While it is technically possible to get diseases from toilet seats, there are many many other routes that should be of more concern. To protect yourself, just listen to what your mom said: wash your hands and keep things clean. Basic hygeine and sanitation dramatically reduce the spread of illness.
This message brought to you by a bored man at work who became much more paranoid about all this after taking a Virology class.

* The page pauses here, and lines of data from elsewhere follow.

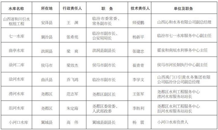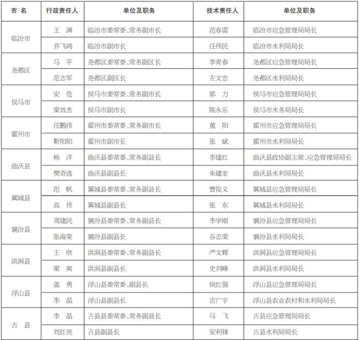 临汾市2024年重点防洪城市和县城防汛责任人名单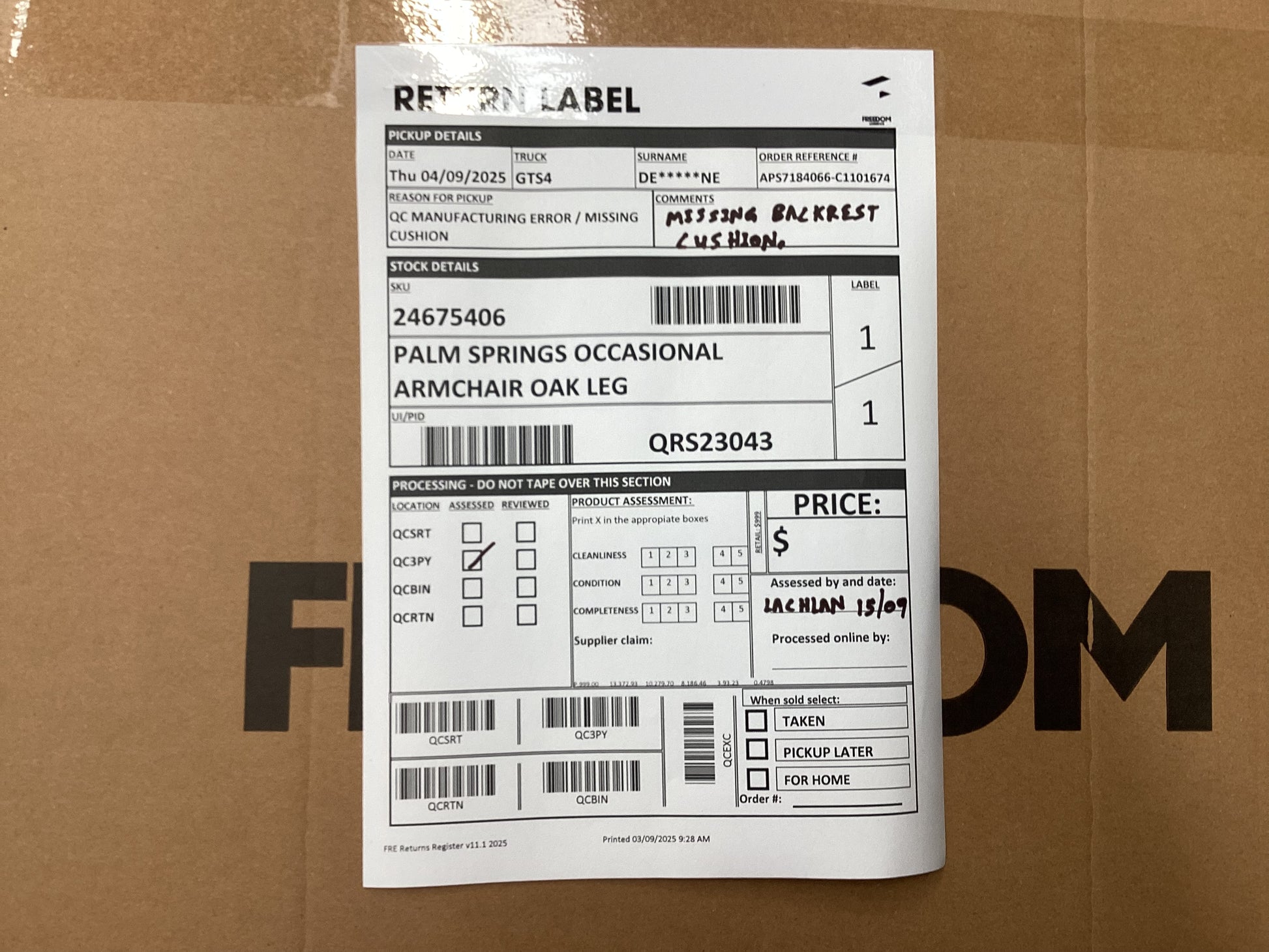 QLD QRS23043 Palm Springs Occasional Armchair Oak Leg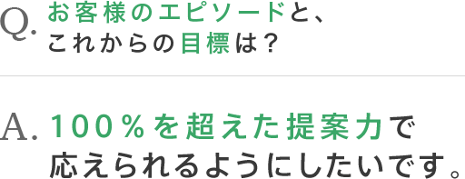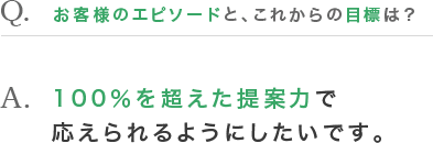いろいろとエピソードはあるのですが、お客様に「今すぐ来て欲しい」と言われて、お伺いしたんですね。何か不具合かと思ってドキドキして向かったら、お宅で収穫したみかんを「いつもありがとう」といただきました。本当に嬉しかったです。今だと、お客様のご要望に対して100%応えるだけで精一杯のケースが多いのですが、120%、130%ともっと多くのものを返せるように、提案力をつけ、学んでいきたいです。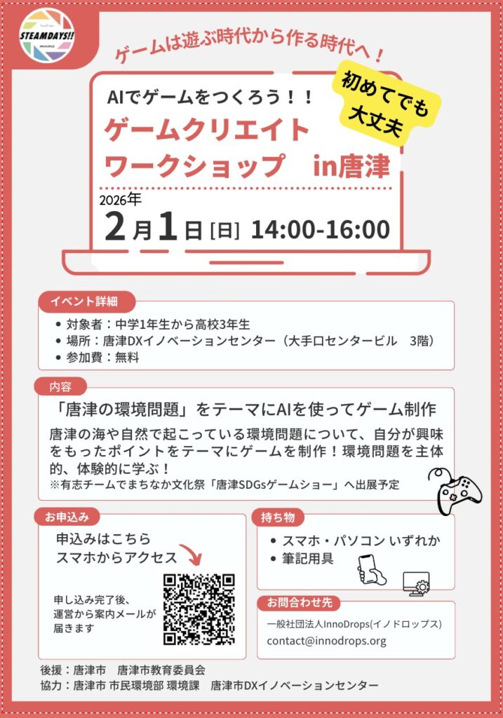 【2/1開催】InnoDrops主催イベント ゲームクリエイトワークショップin唐津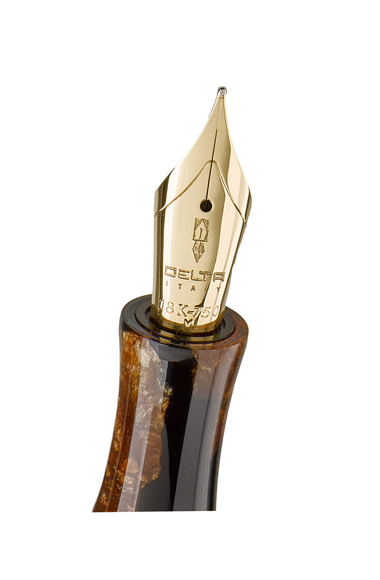 Ngòi bút bằng vàng khối 18 Karat - 750, khắc logo Delta, có các loại: Extra Fine, Fine, Medium, Broad, và ngòi Italic 1,1 mm; Ngòi Flex bằng vàng khối 14 karat - 585 cũng có sẵn.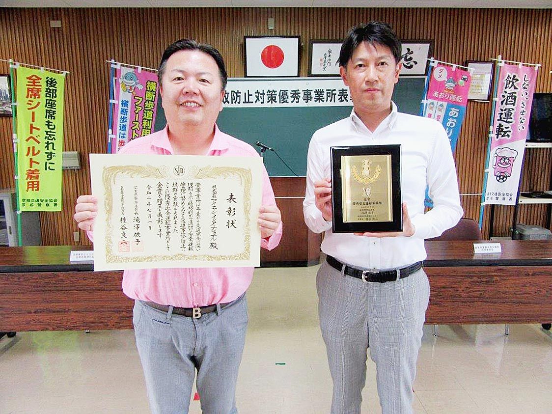 【大津】輸入車販売のアイエーシーインターナショナル(今村英二代表取締役会長兼CEO)は、適切な安全運転管理に努めたなどとして、滋賀県警察本部から「交通事故防止対策優秀事業所表彰」を受けた。 17日に彦根警察署(彦根市)で開かれた表彰式で今...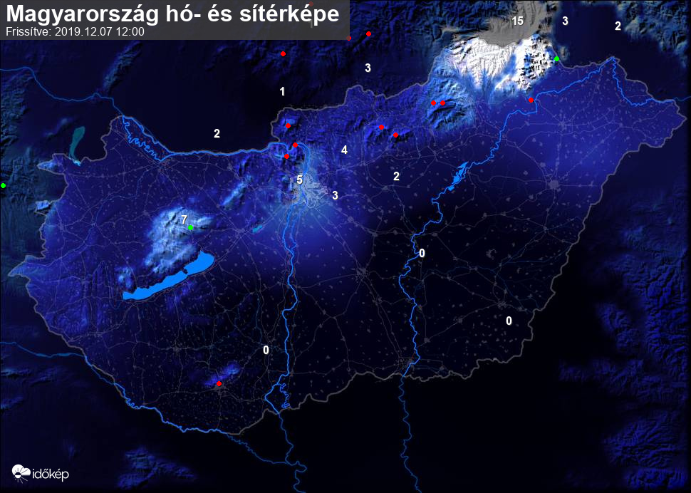 Hótérképünkön hazánk síterepei mellett észlelőink által jelzett hóvastagság adatok is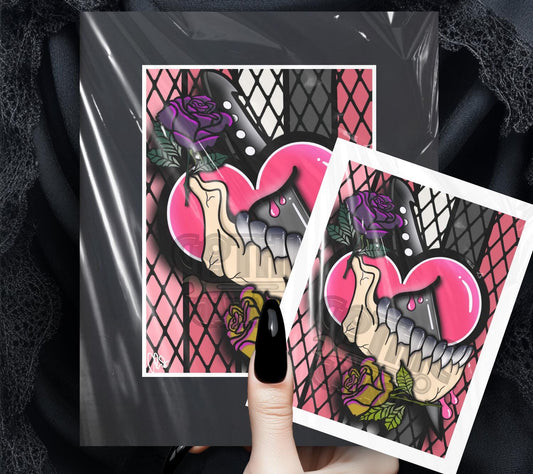 Rebel Heart Gothic Art Print – Punk Skeleton Hand with Rose, 8x6 or 11x14 Matted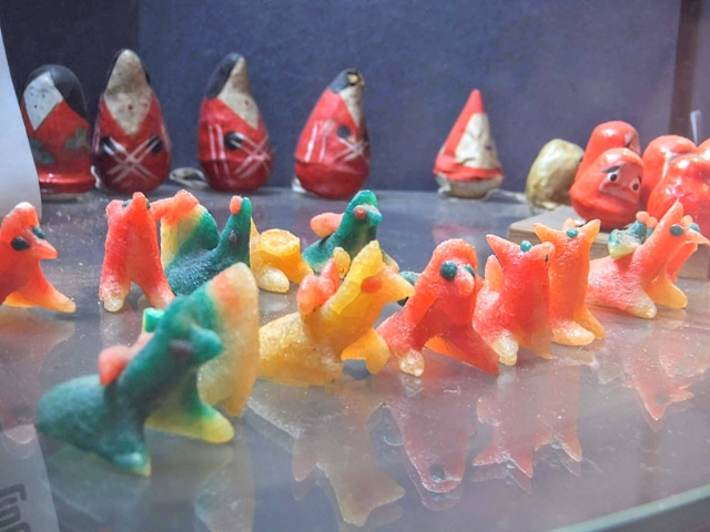 秋田県の「しんこ細工」。なにか樹脂のような不思議な質感の正体は、なんとお米の粉。木や紙、粘土などが多い郷土玩具において異彩を放っています。保存がタイヘンらしいです。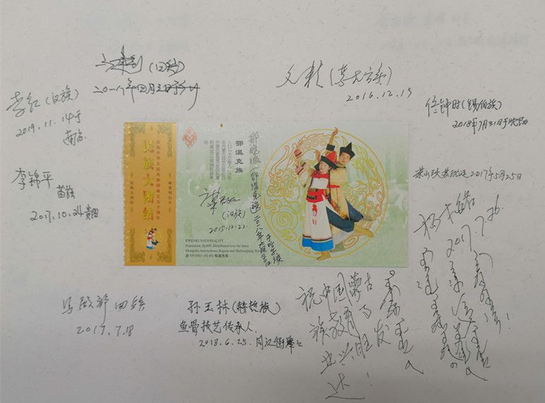 在采集口述影像錄音資料的同時,項目組還收集了大量的珍貴歷史照片以及相關(guān)文物。值得一提的是,他們設(shè)計了一種非常有特色的受訪者簽名簿,中間貼著繪有56個民族的音樂舞蹈圖案的首日封或明信片,四周簽上受訪者的人名簽名字、民族特征,有些還用民族文字書寫,體現(xiàn)了中華各民族團結(jié)在一起的精神風貌。簽名簿有厚厚的幾大本,設(shè)計精美,承載著民族工作口述史資源采集的經(jīng)歷,具有豐富的文化內(nèi)涵和博物館收藏價值。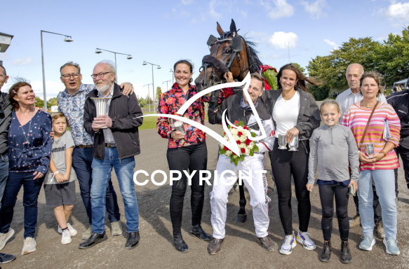 - Beskrivelse: HARPER med Michael Lønborg 8. løbs vinder af Dansk Hoppe Derby 2023 - Gr. I, Nat. på Charlottenlund d. 2023-08-26 Photo: Burt Seeger.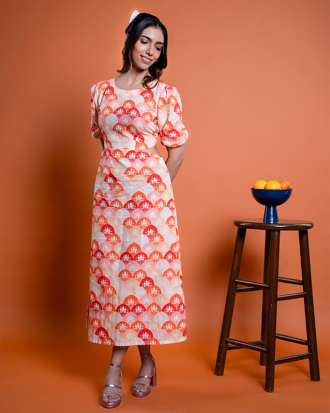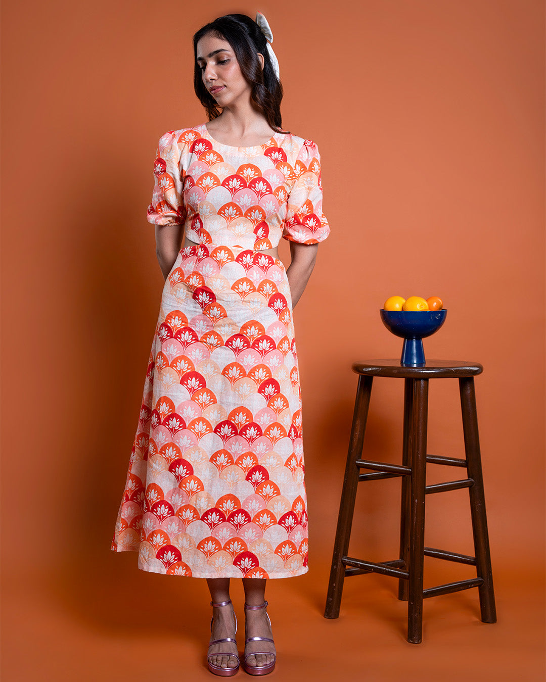 Crafted from high-quality linen, the Spectrum Blossom Dress combines comfort with elegance. Its unique moon cut on the waist creates a flattering silhouette, while the puff sleeves and round neckline add a touch of classic charm. A convenient zip at the back ensures a seamless fit and ease of wear.

One other thing I forgot that may reassure some people. I once had a Microbiology lab where we tested various surfaces to see what grew. Invariably, toilet seats were among the cleanest, because they were cleaned every night. We usually couldn’t even get a single bacterium to grow. Not one. Anywhere with a decent janitorial staff would have about the same story.

Yup. Bathroom doorknobs or any public doorknobs are 1000 times more likely to have catchable viruses on them than toilet seats.